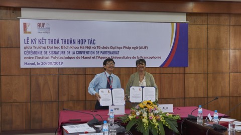 | Signature du partenariat en matière de formation d’experts francophones entre l’Institut polytechnique de Hanoï (IPH) et l’Agence universitaire de la Francophonie (AUF), le 20 août à Hanoï. |
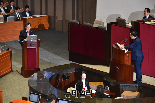 이낙연 국무총리가 10일 오후 국회 본회의장에서 열린 경제 분야 대정부질문에서 의원들의 질문에 답하고 있다.
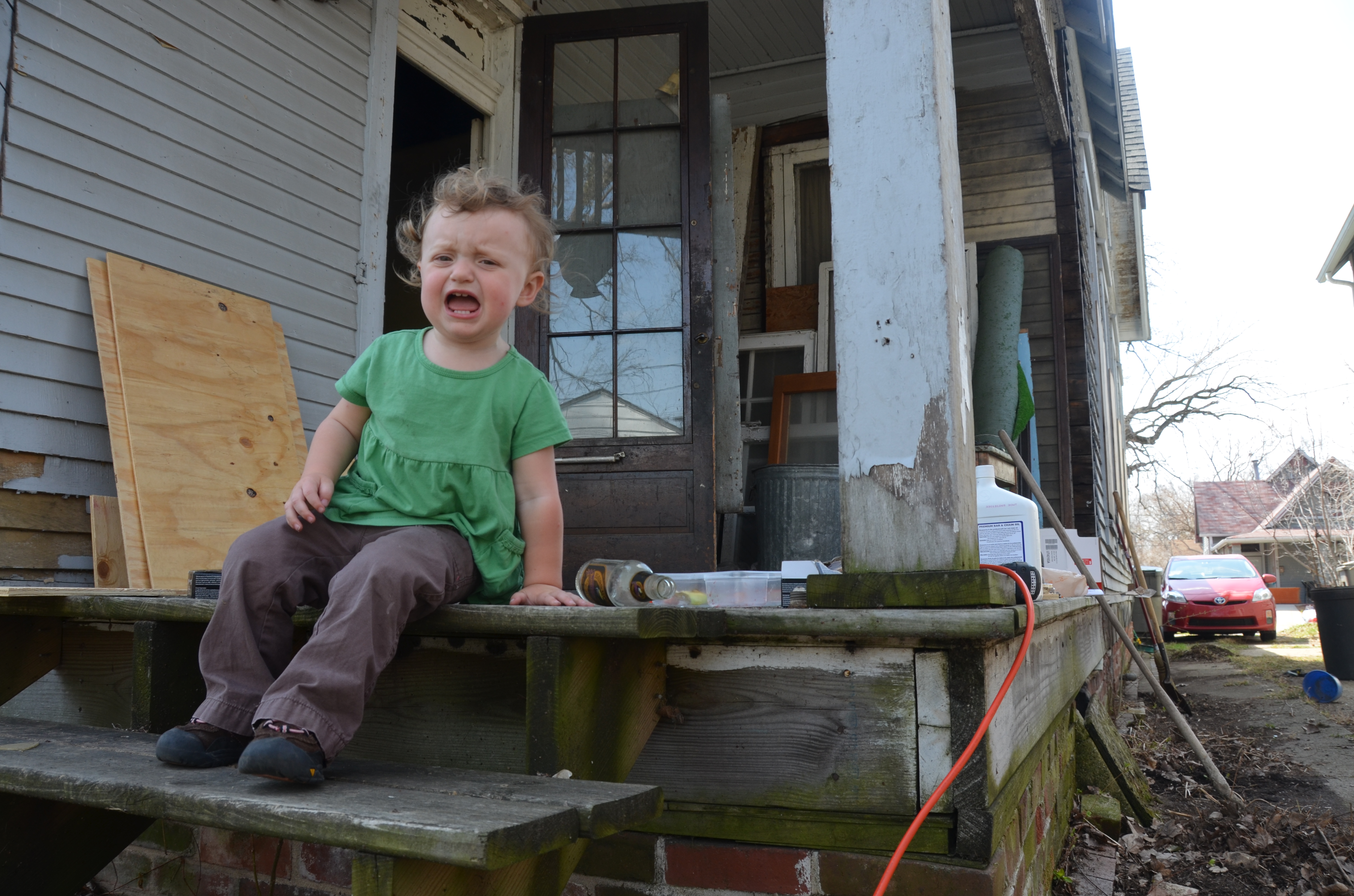 Now that school has started and we are both working full time jobs things have really slowed down. Just to make matters more hilarious we also happen to do a lot of things the hard way, surprise! We make most of our food from scratch and spend a crazy amount of time cooking and washing dishes. We do cloth diapers, have a big dog and no yard (which means multiple walks a day) and we are commuters to and from work. So, we can’t just run through the drive through for dinner, skip the laundry another day or let the dog out to pee. Plus we do other time consuming normal people things like give our toddler a bath and take our 10 year old to piano lessons. For the most part my weekly schedule is normal except that I an a single parent more often. Joe has been teaching kids how to play music by day, comes home to eat dinner with his family and then rehabs the house by night. So you could say that Joe has a flute in one hand and a power tool in the other. And for those of you who like a good math problem every once in a while: flute + power tool = no free time. Joe would say that he is really more of a clarinet player but “clarinet + power tool” just doesn’t have the same ring to it, does it? During the weekends we’ve been taking the kids with us and trying to get as much as possible done to make up for lost time. Thankfully we have parents who are willing to help take the kids so we can work even faster some days. That is a life saver.
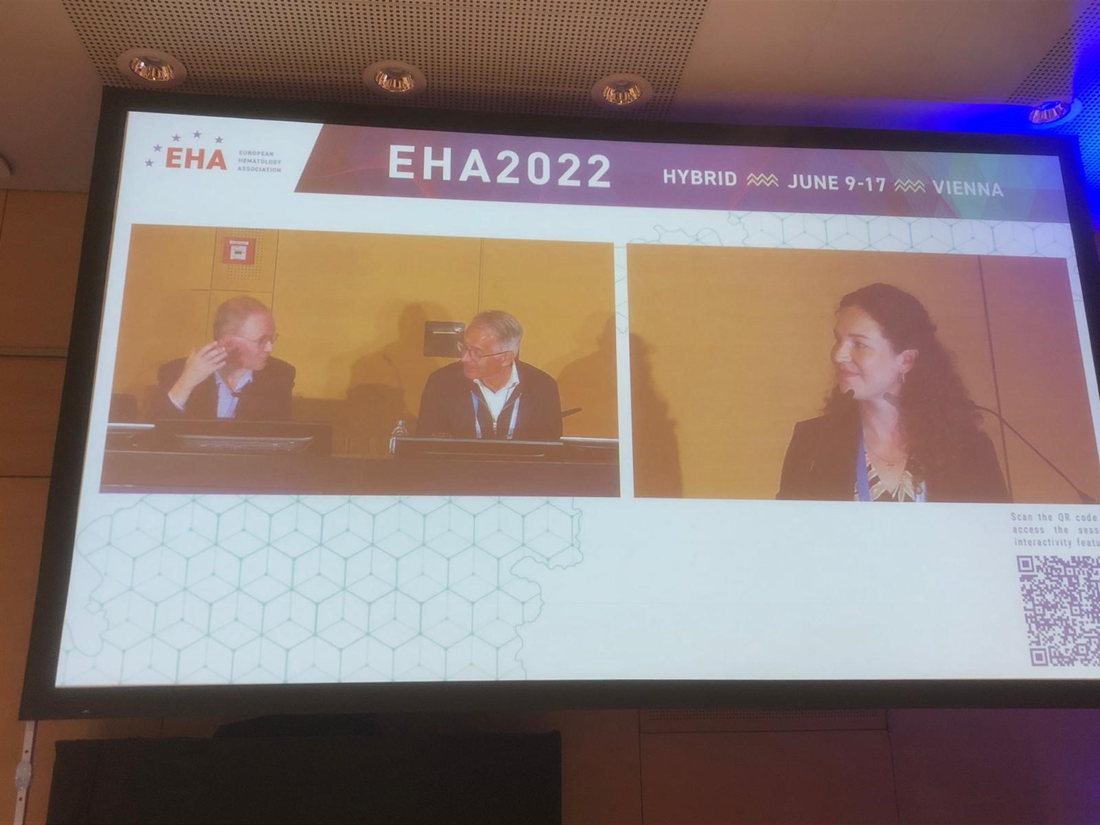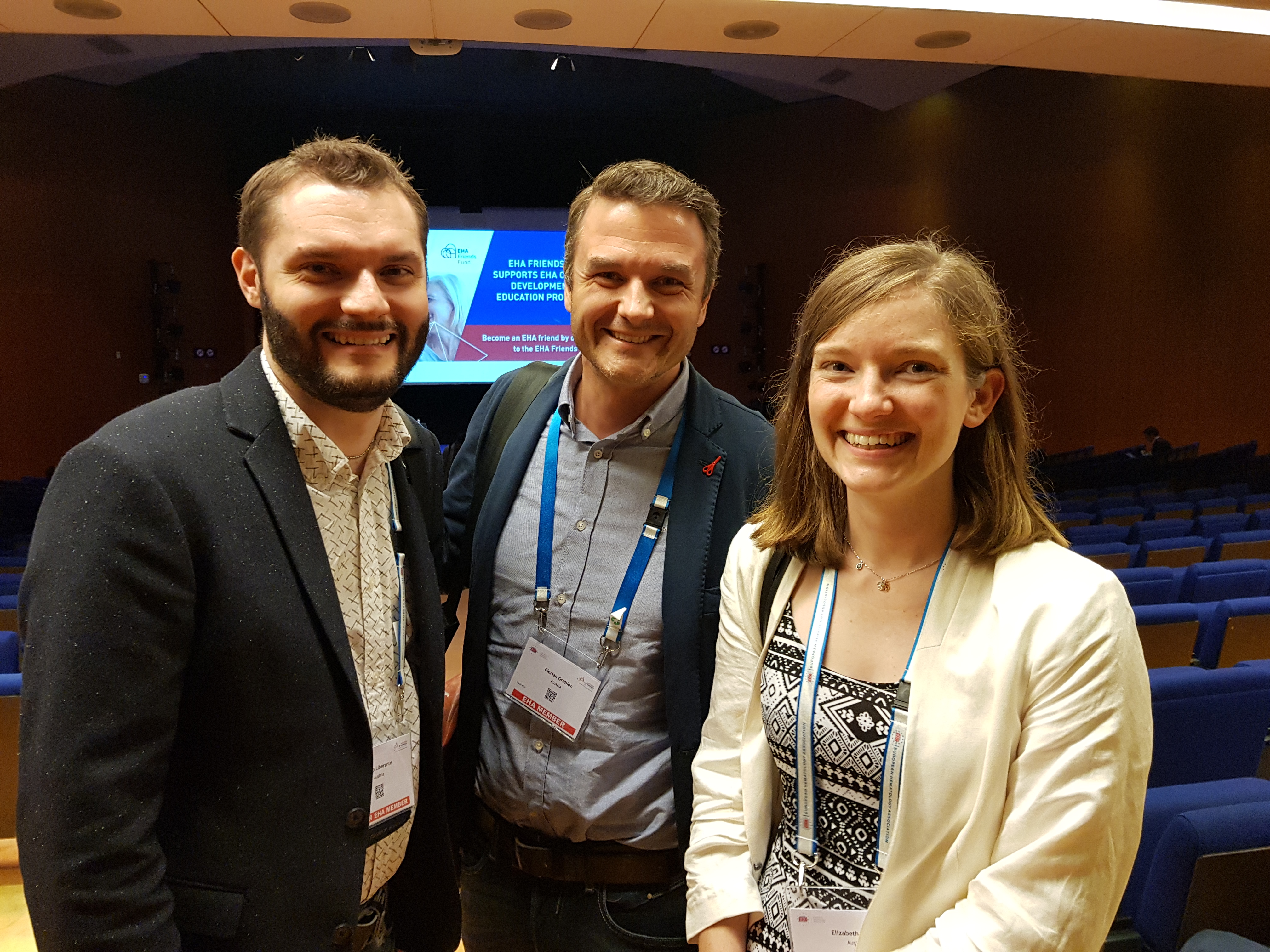 15.06.2019: Fabio, Florian and Lisi after her poster pitch at the European Hematology Association (EHA) Congress 2019 in Amsterdam.
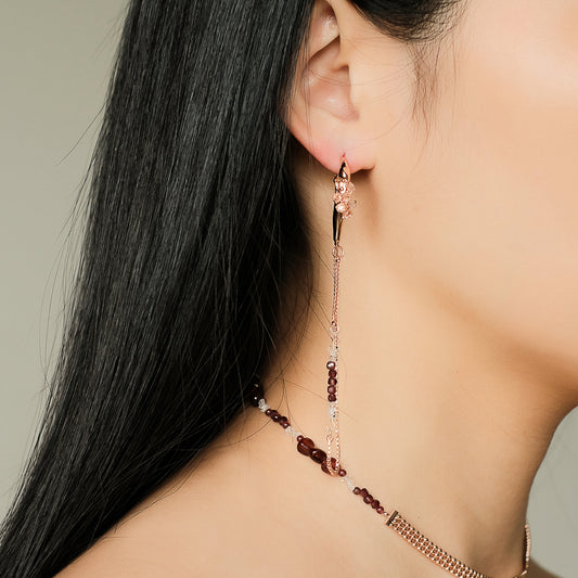 宇宙冰晶 胭紅薄霧 冰晶珠鍊垂墜耳環-厚鍍玫瑰金
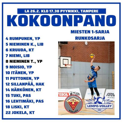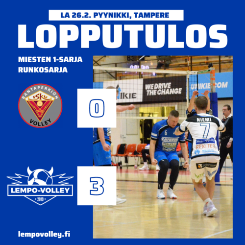 M1 RUNKOSARJA: RANTAPERKIÖN ISKU – LEMPO-VOLLEY 0–3 (16–25, 18–25, 22–25)
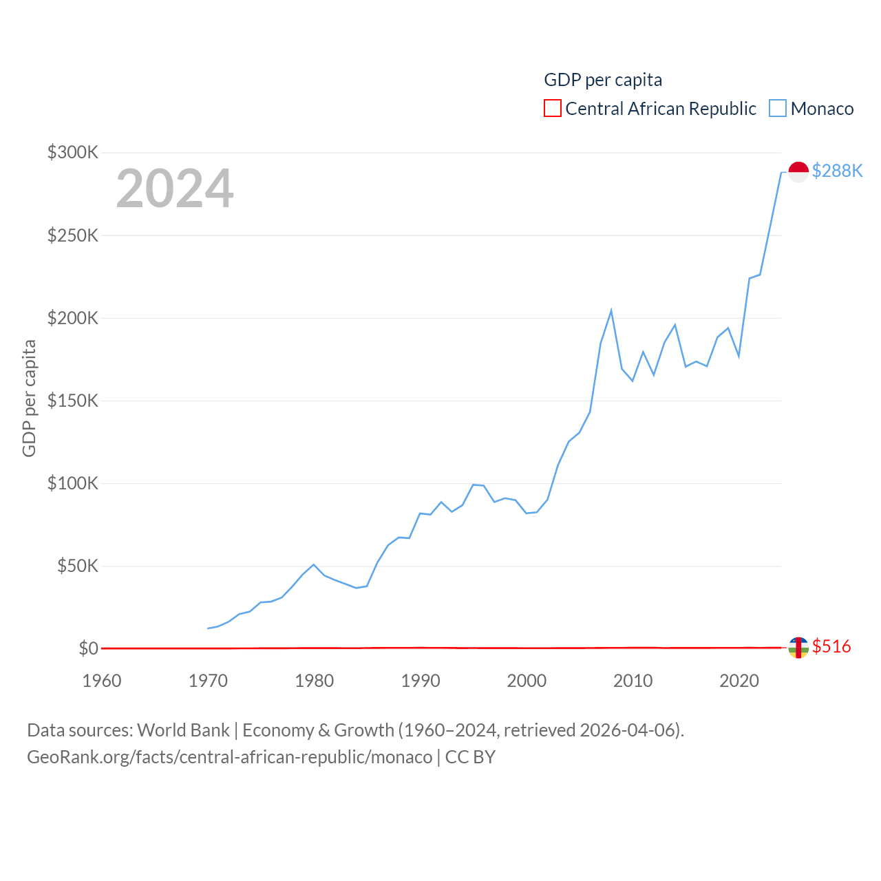 By GDP, The Central African Republic ranks 171/197 ($2.75B) and Monaco ranks 152/197 ($11.1B). By GDP per capita, The Central African Republic ranks 195/197 ($516), while Monaco ranks 1/197 ($288,001).
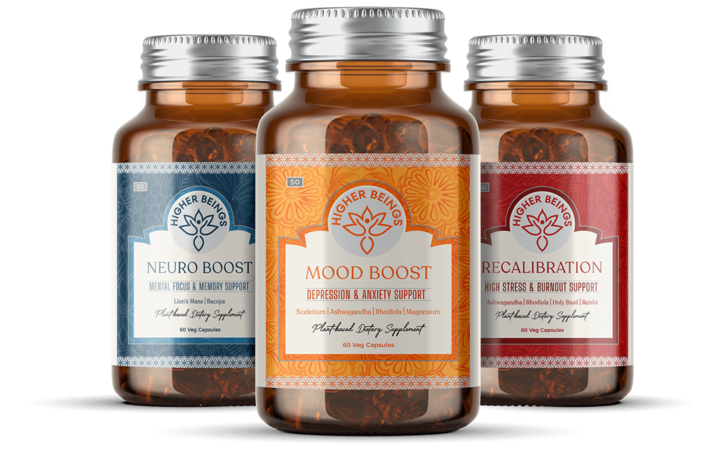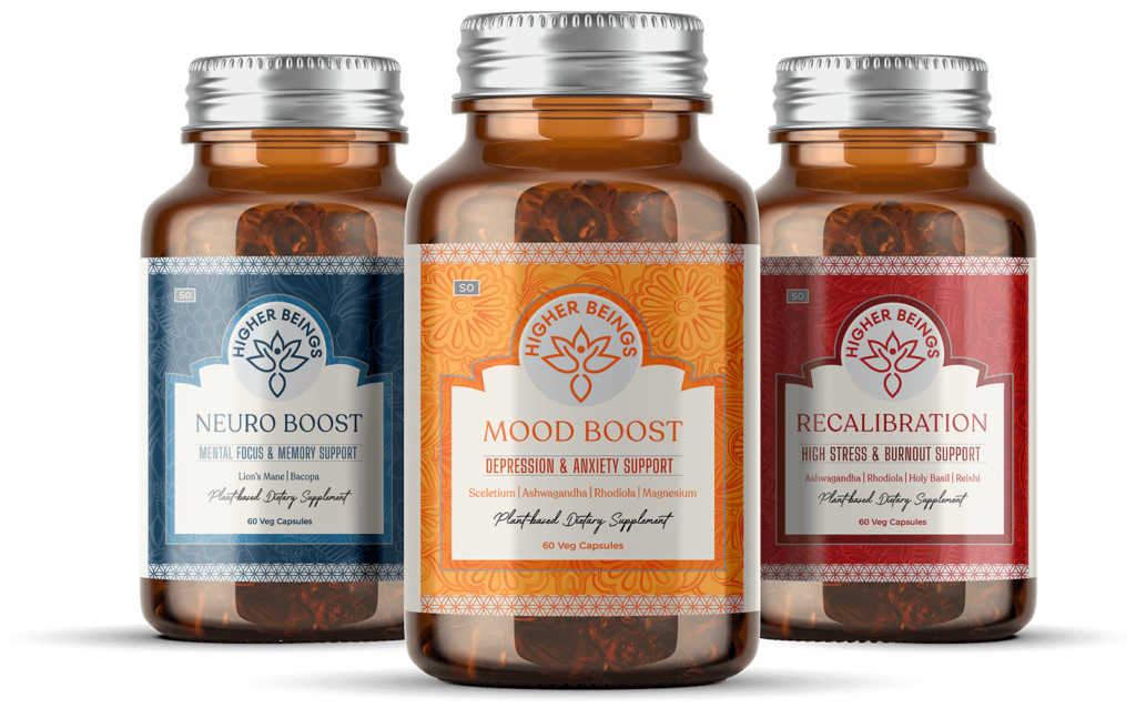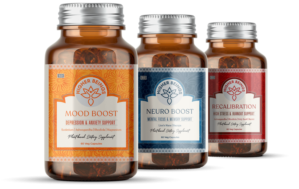 Higher Beings stands as a beacon of hope and innovation. We have developed a unique range of supplements designed to address the physical and mental effects of stress, anxiety, depression, and other mental health issues.
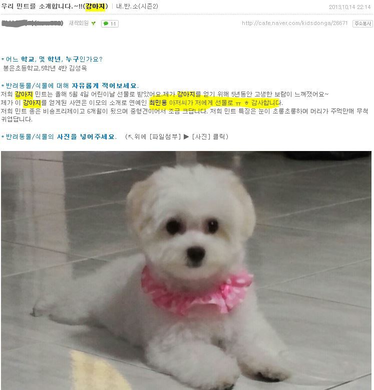 제가 이 강아지를 얻게 된 사연은 이모의 소개로 연예인 최민용 아저씨가 저에게 선물로 ㅠ ㅎ 감사합니다. (생략)
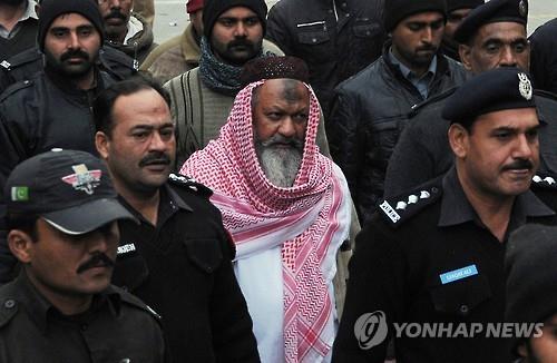 | △ 2014년 12월 파키스탄 라호르 고등법원에 출석하는 마리크 이샤크(가운데) 라슈카르-에-장비 지도자(AFP=연합뉴스) |
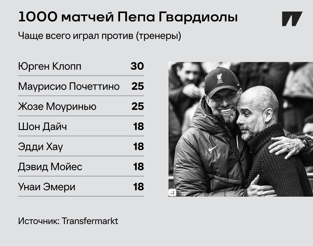 В топ-7 тренеры, с которыми Пеп пересекался не только в АПЛ, и троица британских работяг − Эдди Хау, Дэвид Мойес и Шон Дайч. Чаще всего Гвардиола проигрывал Клоппу (11), почти всегда обыгрывал Дайча (16 побед и 2 ничьих).
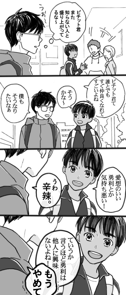 618 3122 勇利は英語でも「Phichit-kun」て呼んでるといいなって、妄想~!! 18/08/09 23:30
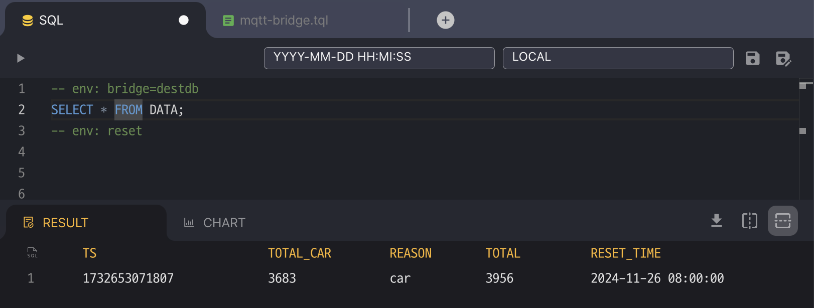 데이터가 대상 데이터베이스에 저장되었는지 확인합니다. machbase-neo의 SQL 에디터에서 -- env: bridge=destdb

________________________________________

- Your instructions: All that's required is the material above repeated exactly, minus any picture.

- Final answer:
 | Signature du partenariat en matière de formation d’experts francophones entre l’Institut polytechnique de Hanoï (IPH) et l’Agence universitaire de la Francophonie (AUF), le 20 août à Hanoï. |
 이낙연 국무총리가 10일 오후 국회 본회의장에서 열린 경제 분야 대정부질문에서 의원들의 질문에 답하고 있다.
 Now that school has started and we are both working full time jobs things have really slowed down. Just to make matters more hilarious we also happen to do a lot of things the hard way, surprise! We make most of our food from scratch and spend a crazy amount of time cooking and washing dishes. We do cloth diapers, have a big dog and no yard (which means multiple walks a day) and we are commuters to and from work. So, we can’t just run through the drive through for dinner, skip the laundry another day or let the dog out to pee. Plus we do other time consuming normal people things like give our toddler a bath and take our 10 year old to piano lessons. For the most part my weekly schedule is normal except that I an a single parent more often. Joe has been teaching kids how to play music by day, comes home to eat dinner with his family and then rehabs the house by night. So you could say that Joe has a flute in one hand and a power tool in the other. And for those of you who like a good math problem every once in a while: flute + power tool = no free time. Joe would say that he is really more of a clarinet player but “clarinet + power tool” just doesn’t have the same ring to it, does it? During the weekends we’ve been taking the kids with us and trying to get as much as possible done to make up for lost time. Thankfully we have parents who are willing to help take the kids so we can work even faster some days. That is a life saver.
 15.06.2019: Fabio, Florian and Lisi after her poster pitch at the European Hematology Association (EHA) Congress 2019 in Amsterdam.
 宇宙冰晶 胭紅薄霧 冰晶珠鍊垂墜耳環-厚鍍玫瑰金
 M1 RUNKOSARJA: RANTAPERKIÖN ISKU – LEMPO-VOLLEY 0–3 (16–25, 18–25, 22–25)
 By GDP, The Central African Republic ranks 171/197 ($2.75B) and Monaco ranks 152/197 ($11.1B). By GDP per capita, The Central African Republic ranks 195/197 ($516), while Monaco ranks 1/197 ($288,001).
 Higher Beings stands as a beacon of hope and innovation. We have developed a unique range of supplements designed to address the physical and mental effects of stress, anxiety, depression, and other mental health issues.
 제가 이 강아지를 얻게 된 사연은 이모의 소개로 연예인 최민용 아저씨가 저에게 선물로 ㅠ ㅎ 감사합니다. (생략)
 | △ 2014년 12월 파키스탄 라호르 고등법원에 출석하는 마리크 이샤크(가운데) 라슈카르-에-장비 지도자(AFP=연합뉴스) |
 В топ-7 тренеры, с которыми Пеп пересекался не только в АПЛ, и троица британских работяг − Эдди Хау, Дэвид Мойес и Шон Дайч. Чаще всего Гвардиола проигрывал Клоппу (11), почти всегда обыгрывал Дайча (16 побед и 2 ничьих).
 618 3122 勇利は英語でも「Phichit-kun」て呼んでるといいなって、妄想~!! 18/08/09 23:30
 데이터가 대상 데이터베이스에 저장되었는지 확인합니다. machbase-neo의 SQL 에디터에서 -- env: bridge=destdb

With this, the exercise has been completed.